Wymagałoby to jednak znacznej precyzji, jako że czas trwania tego
opóźnienia liczy się w milisekundach i jest on charakterystyczny
dla każdego modelu aparatu.
Drugie
ograniczenie jest już nie do przejścia, ponieważ wiąże się ze
sposobem działania migawki mechanicznej: zarówno jej otwieranie,
jak i zamykanie ma przy bardzo krótkich czasach naświetlania
charakter stopniowy. I tak w najpopularniejszych obecnie migawkach
szczelinowych przy czasach krótszych od 1/180-1/320 sekundy
(dokładny czas zależy od modelu aparatu – jest to wartość
będąca jednocześnie najkrótszym czasem synchronizacji z błyskiem)
element światłoczuły aparatu odsłaniany jest stopniowo –
linijka po linijce. Jeżeli więc interesujące nas zjawisko
przebiega naprawdę szybko, to nawet przy intensywnym oświetleniu
sceny posłużenie się samym czasem naświetlania nic nam nie da.
Istnieją
zjawiska, do uwiecznienia których konieczne było opracowanie
specjalnych aparatów.

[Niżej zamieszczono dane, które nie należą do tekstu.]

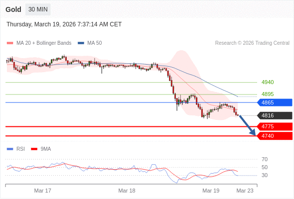 交易策略: 在 4865 之下,看跌,目标价位为 4775 ,然后为 4740 。
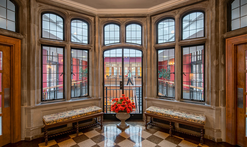 The North Addition, in 2001, with a covered entrance arcade that serves as the main entrance and drop-off for the school, a new 300 seat theater space and theater arts laboratory. A scenery shop is backstage along with green rooms, dressing rooms, and a dance studio. The existing gymnasium was renovated as part of this project. The addition also includes science laboratories, classrooms and commons.
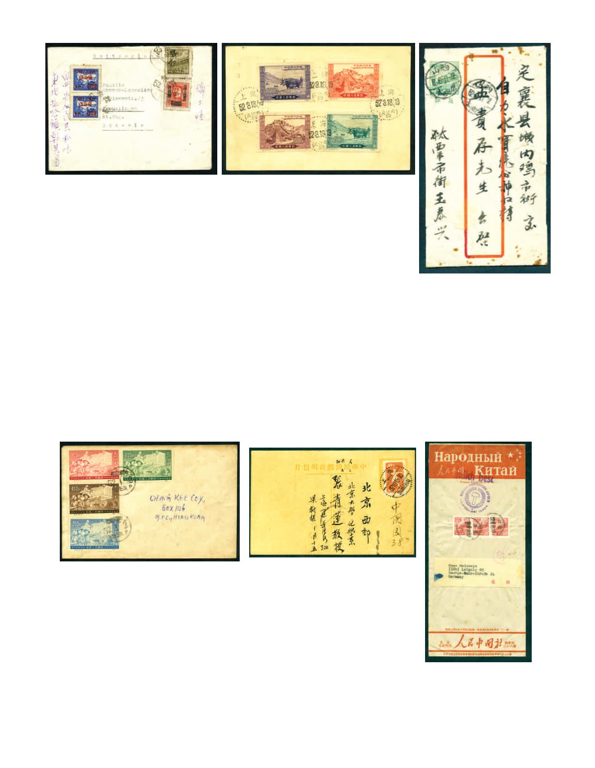 1952 (16 Feb.) A cover from North East to Switzerland, bearing Tien An Men R1 2,000, SC6 $400 on $15 and SC7 Surcharged on
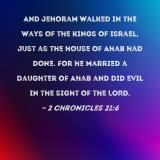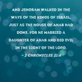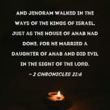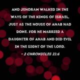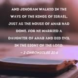 And Jehoram walked in the ways of the kings of Israel, just as the house of Ahab had done. For he married a daughter of Ahab and did evil in the sight of the LORD.
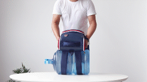 我们用标准的桶装水来测试一下小扬书包肩带缝合处是否结实,将 19L 容量的桶装水放在书包背部拎起 30S ,发现书包缝合处依旧紧实且没有一丝变形,这意味着小扬书包的承重能达到 19kg 。对于日常书包重量 7-8kg 的小朋友来说,绝对的经久耐用。

Fotografia przedstawiająca pierwszą
milisekundę eksplozji nuklearnej na poligonie testowym powstała
przy użyciu kamery rapatronicznej naświetlającej klatkę w czasie
10 nanosekund. (Fot. U.S. Air Force 1352nd Photographic Group)
Nie
znaczy to jednak, że sprawa jest zupełnie przegrana. Wręcz
przeciwnie – jakoś przecież trzeba sobie radzić w sytuacjach,
gdy najpopularniejsza i najbardziej upowszechniona technika
zamrażania ruchu za pomocą błysku flesza (opisana w następnym
rozdziale) jest niemożliwa do zastosowania np. z uwagi na rozmiary
fotografowanego obiektu lub dużą odległość od niego. Wtedy
przydają się rozmaite wynalazki, takie jak choćby kamera
rapatroniczna (wynaleziona zresztą przez samego Edgertona w celu
fotografowania pierwszych milisekund wybuchów nuklearnych). W niej
rolę migawki pełni układ składający się z dwóch filtrów
polaryzacyjnych i umieszczonego między nimi tzw. rotatora Faradaya,
który sterowany polem magnetycznym o odpowiednim natężeniu jest w
stanie otworzyć się dla światła na bardzo krótki okres czasu –
nawet do 10 nanosekund, czyli na 1 stumilionową część sekundy.
Flesz
Zakładam jednak, że większość z Was nie ma zamiaru wykonywać zdjęć 20-metrowej kuli ognia powstałych w trakcie pierwszej milisekundy od eksplozji bomby atomowej, lecz woli się skupić na nieco bardziej przyziemnych (lecz ciągle fascynujących) zjawiskach. W takiej sytuacji wystarczy zwykła lampa błyskowa oraz efekt stroboskopowy wykorzystany po raz pierwszy w fotografii ultraszybkiej przez (a jakże!) Harolda Edgertona. Na czym polega taka technika? To proste: wyobraźmy sobie aparat i fotografowaną scenę (niech będzie to na przykład pękający na czyjejś głowie balon z wodą) umieszczone w studiu. Jeżeli wykonamy zdjęcie aparatem przy nawet bardzo silnym świetle ciągłym, to na skutek niezwykle szybkiego przebiegu wydarzenia, uzyskamy obraz dość mocno rozmyty i przedstawiający generalnie wszystkie fazy trwania zdarzenia jednocześnie – od początku do końca trwania ekspozycji. Im dłuższe naświetlanie, tym silniejsze rozmycie.
Choć
zdjęcie pękającego balonu z wodą wykonanego w czasie 1/1250
sekundy wygląda efektownie, to bliższe przyjrzenie się mu zdradza
obecność rozmyć wywołanych zbyt długą ekspozycją, przesuwem
szczeliny migawki i prawdopodobnie minimalnym szarpnięciem aparatu
wywołanym ruchem lustra.
Jeżeli
teraz zmniejszymy natężenie światła w studiu, ustawimy czułość
ISO w aparacie na bardzo niską i do tego przymkniemy silnie
przysłonę aparatu, to wówczas nawet naświetlając klatkę przez
wiele sekund nie uda nam się uchwycić nie tylko interesującego nas
zjawiska, ale i samego studia – zdjęcia będzie czarne. To
oczywiste, prawda? Ekspozycja zdjęcia będzie po prostu stanowczo za
niska w stosunku do warunków oświetleniowych sceny.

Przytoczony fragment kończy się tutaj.